Sono una persona distrutta, a pezzi, una persona sotto farmaci

• Sono una persona distrutta, a pezzi, una persona sotto farmaci. Continuano ad arrivarmi telefonate anonime in cui mi dicono che sono un’assassina, che dovrei ammazzarmi. Non è giusto. Sono una mamma anch’io. Quel ragazzo in motorino l’ho visto rotolare prima sul cofano e poi finirmi davanti alle ruote. Una mamma capisce e, credetemi, io da quel giorno non vivo più...». C’è una donna, a Tor Bella Monaca, nella periferia est, la cui vita «è cambiata per sempre» alle 15,10 di mercoledì 6 ottobre. Si chiama Susanna Faraone, ha ventisei anni, un figlio di dieci mesi, è sposata, ed è - dramma nel dramma - l’impiegata che guidava la Ford che sette giorni fa ha travolto e ucciso Giulio Balzano in piazza Verbano. «Posso capire solo in parte il dolore della famiglia Balzano - dice nella prima intervista dopo la tragedia - La mia disperazione non è certo comparabile alla loro. Ma voglio, devo, fare qualcosa: ai ragazzi in motorino dico: state attenti, stiamo attenti tutti, mettete il casco. Il traffico di Roma è diventato assurdo, invivibile. Bisogna farci i conti». Parliamo delle minacce? « una cosa bruttissima. Dal cognome, pubblicato sui giornali, sono risaliti al numero di telefono. un continuo. La prima a chiamare è stata una donna. Mi ha detto: ”Come fai a vivere? Ammazzati!”. Poi alcuni ragazzi: ”Assassina, assassina”. Sto già malissimo. Questa aggiunta di insulti è ingiusta».

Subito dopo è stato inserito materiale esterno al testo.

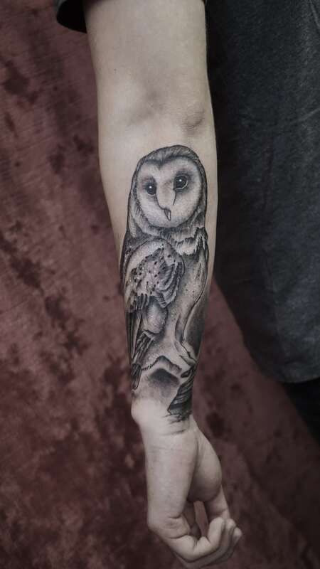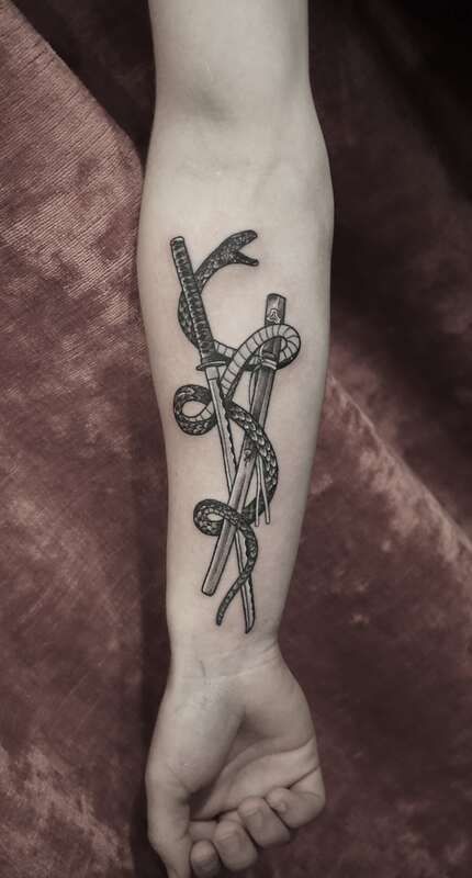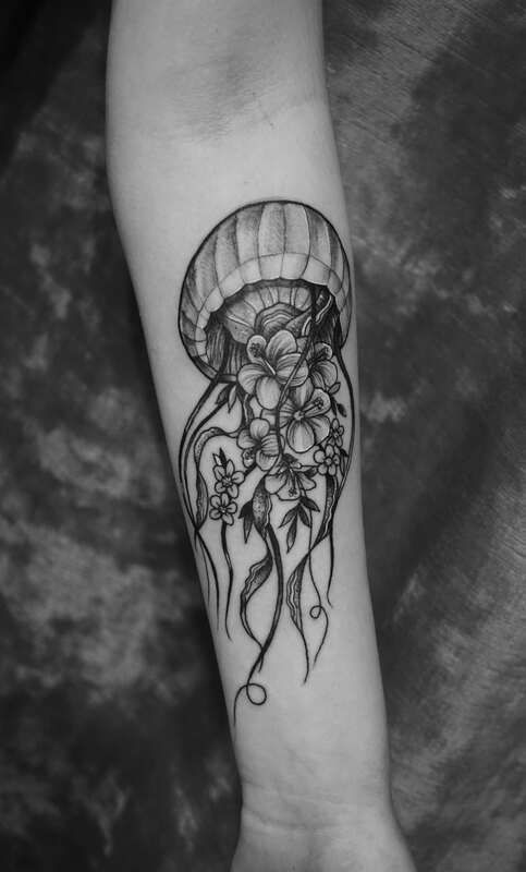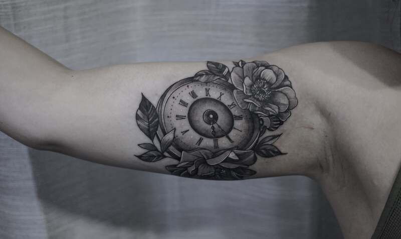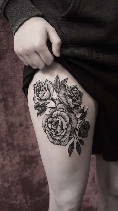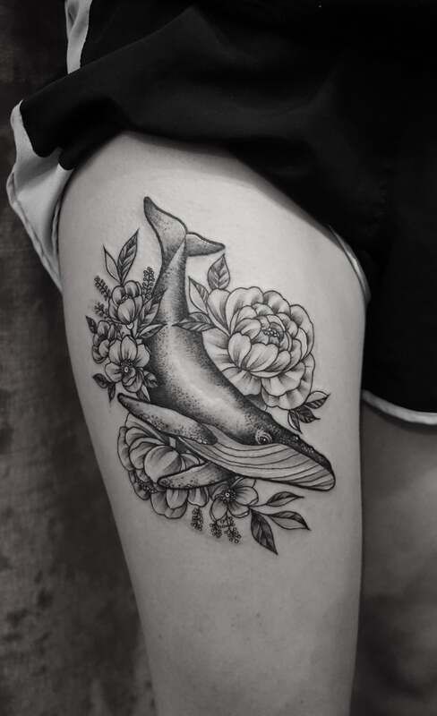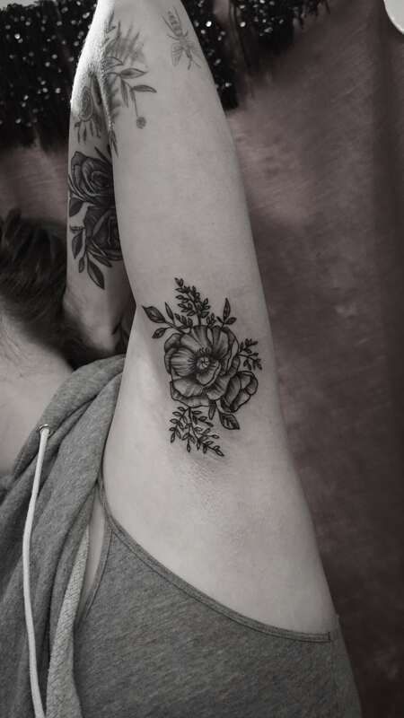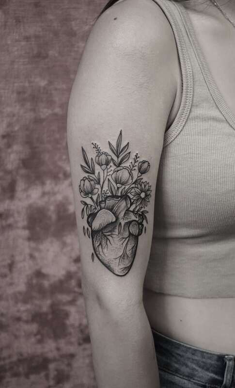 I'm very lucky to have the opportunity to work with great artists like we have here at Mission Ink. I love doing floral and black and grey tattoos... (ps. A foto e meio antiga...),
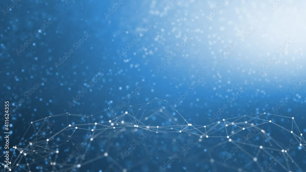 Poster looping features animated technology based shapes, connected white lines and blurry flickering dots
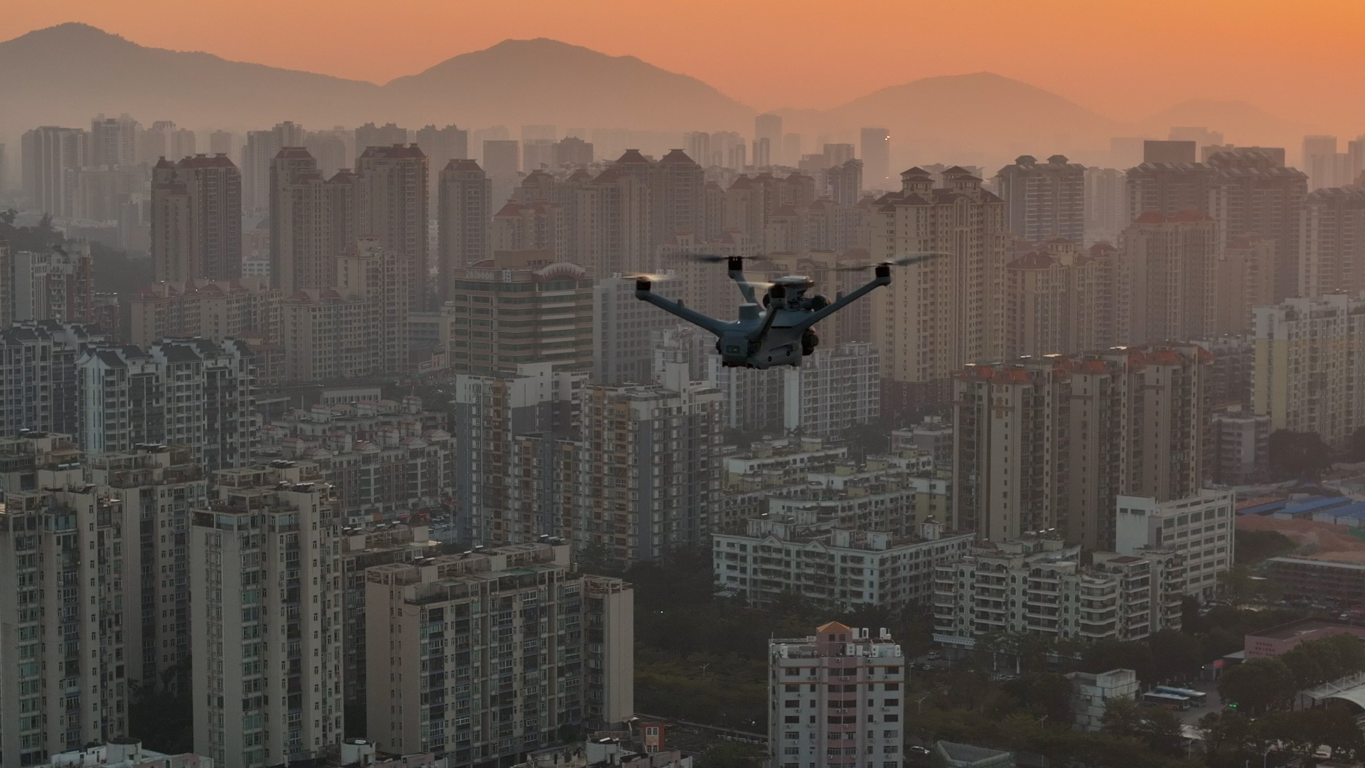 居民们牵着孩子去上学,老人在凉亭里边喝茶边聊天。抬头望去,一架无人机正缓缓升空,沿着楼宇上方巡查屋顶积水和消防通道情况。
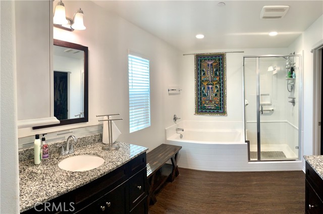 Gorgeous Murrieta Home with No HOA & Owned Solar. This Stunning Home has been Professionally Landscaped and Features a Formal Entry, 5 Large Bedrooms, Den/Office (possible 6th bedroom), Cozy Loft (possible 7th bedroom) , Expansive Great Room with Spacious Living Room, Kitchen, Dining Area and Luxury Vinyl Plank Flooring Throughout. There is a Large Downstairs Bedroom and Full Bathroom. The Kitchen includes Upgraded Cabinets, Granite Counters, Custom Tile Back Splash, Stainless Steel Appliances, the Impressive Island includes a Stainless Steel Sink, Water Filtration System, Dishwasher, Custom Lighting and Seating space for your guests. The Walk in Pantry has Custom Built-ins for all your storage needs. The Luxurious Master Bedroom has a Large En Suite Bathroom with Large Soaking Tub, Walk in Shower, Double vanity, Walk in Closet with Custom Built-in Organizers. All additional Guest Rooms are Quite Large and have Custom Built-in Closet Organizers and All bathrooms have Upgraded Tile and Cabinets. The Cozy Loft is an added bonus! The Great Room and Dining Room have 3 Sets of French Doors that lead out to the Private Back Yard that has been Professionally Landscaped with a Large Custom Patio, Insulated Aluminum Patio Cover, Remote Controlled Sun Shades, Custom Pavers, Custom Lighting, Fountains, Vibrant flowers, Plants, Trees. This Serene Yard is Perfect for Entertaining! The 3 Car Garage has a Utility Sink, Tankless Water Heater and Plenty of Room for Storage! The Owned Solar will provide Energy Cost Savings! This Amazing home is located near Schools, Parks, Shopping, Wineries, Costco, Loma Linda University Medical Center , Kaiser Permanente and the 215 & 15 freeways for an Easy Commute. This home is a Must See!Interested in this Listing?
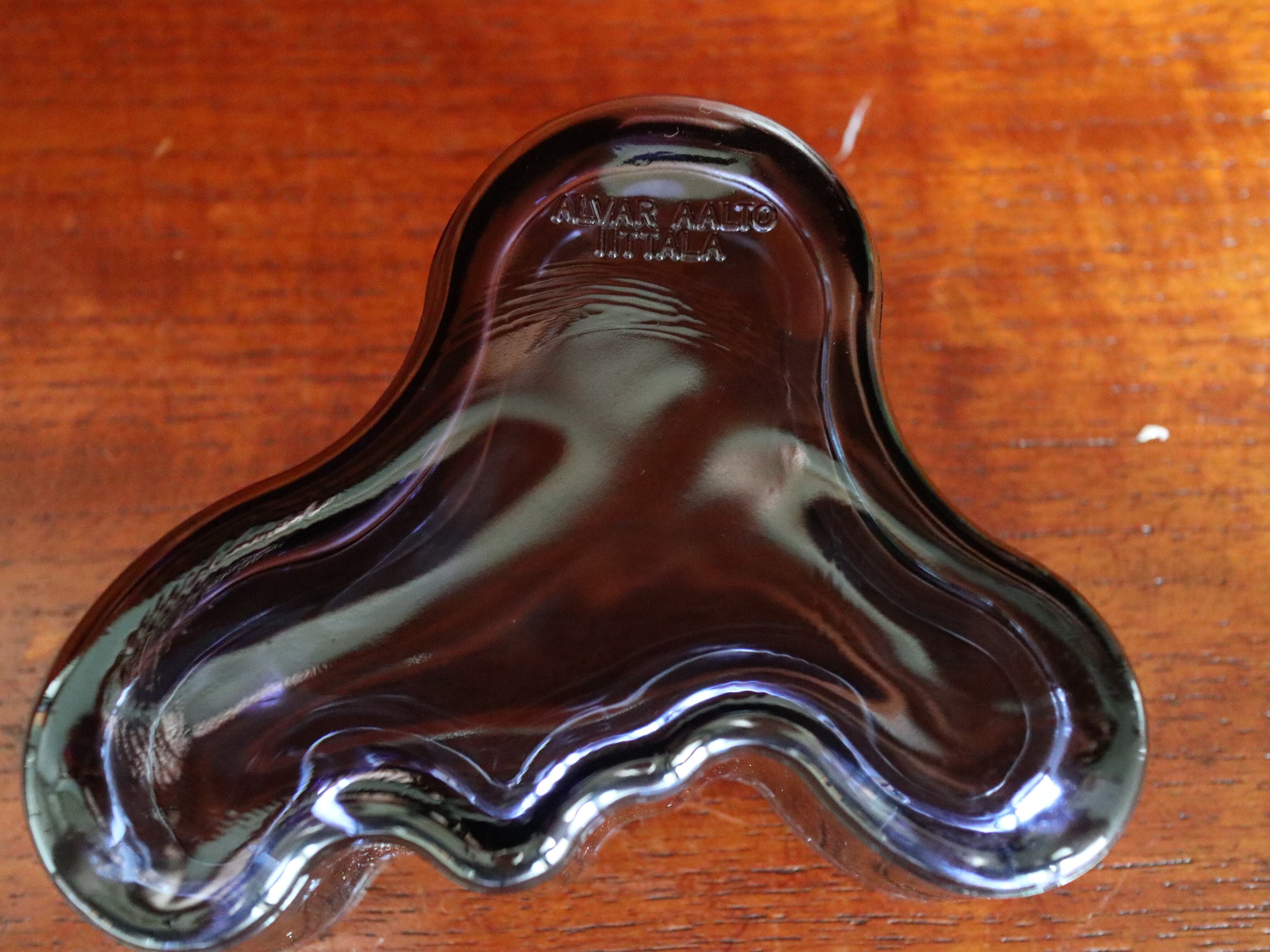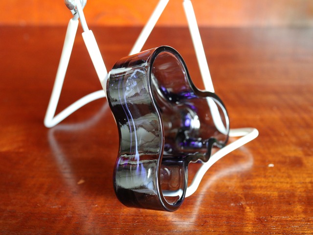 流れるような有機的なフォルムのモチーフは、フィンランドの湖の形、白樺の根本付近の断面形状など諸説存在します。イッタラの工房で今も手吹きで制作されています。

• Lei guidava l’automobile... «Sì. Ma non mi sento né un pirata della strada né, tantomeno, un’assassina. Mi sento in colpa per essermi trovata lì proprio in quel momento: il destino. Se fossi passata un attimo dopo, se fosse passato un secondo dopo lui, non sarebbe successo. Ho fatto il possibile. Ma, per evitare la tragedia, avrei dovuto avere il potere di scomparire». Ricorda tutto? «Ce l’ho davanti agli occhi in ogni momento. Tornavo dal lavoro. Attraversavo piazza Verbano e volevo girare a destra verso via Topino. Il traffico scorreva. Ho messo la freccia. Sarò andata a trenta, quaranta all’ora. D’altronde i vigili, chiedetelo, hanno trovato la macchina con il cambio innestato in seconda. Alla mia destra non c’era nessuno». Invece c’era... «No, non quando ho guardato. Il motorino è comparso, lungo la fiancata dell’auto, all’improvviso. L’ho visto sbilanciarsi. C’è stato un urto con la macchina. Ma, incredibile, il ragazzo, invece di cadere di fianco, è finito sul mio cofano e poi è rotolato davanti alle ruote. Per quanto abbia frenato, la macchina l’ha scavalcato. Se fossi un pirata, se avessi accelerato, magari il cofano, con più velocità, l’avrebbe sbalzato via». Purtroppo non è andata così. «Già, lui è morto. C’è una famiglia distrutta e ci sono io che non dormo più. So che per me il dolore, prima o poi, passerà. Ma non riesco ad immaginare la mamma di lui. Ci sto malissimo. Non riesco a sopportarlo».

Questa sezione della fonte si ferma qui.